[Collected data entries]
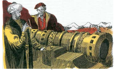
Resim 6; Top dökümcüsü Urban ile Fatih Sultan Mehmed (Popüler Tarih, Mayıs 2003, S. 57)

"Dünya harikası İstanbul Şehri" ni zikredip, zihninde tarihin hoş bir noktasına yolculuk yapmayan, içinde hafif de olsa 29 Mayıs 1453'ün ihtişamlı atmosferinin coşkusunu hissetmeyen Türk insanı yoktur.
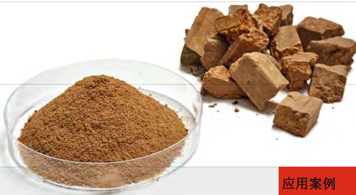
使用行星式球磨机 PULVERISETTE 5 加强型制备最佳的土壤样品
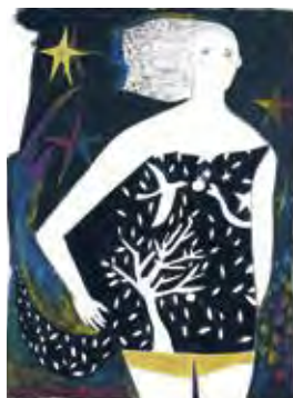
夜風は身体を駆け抜ける
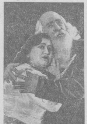
Наманганский областной музыкально-драматический театр поставил трагедию...

Осенью этого года на афришних тумбах, на стенах домов Конанда запестрели листовки. В них сообщалось о создании народного театра. Приглашались любители драматического искусства из самодельных коллективов.

» What needs to be done:
Copy each line above that has the word "Mayıs".

» Result of the task:
Resim 6; Top dökümcüsü Urban ile Fatih Sultan Mehmed (Popüler Tarih, Mayıs 2003, S. 57)
"Dünya harikası İstanbul Şehri" ni zikredip, zihninde tarihin hoş bir noktasına yolculuk yapmayan, içinde hafif de olsa 29 Mayıs 1453'ün ihtişamlı atmosferinin coşkusunu hissetmeyen Türk insanı yoktur.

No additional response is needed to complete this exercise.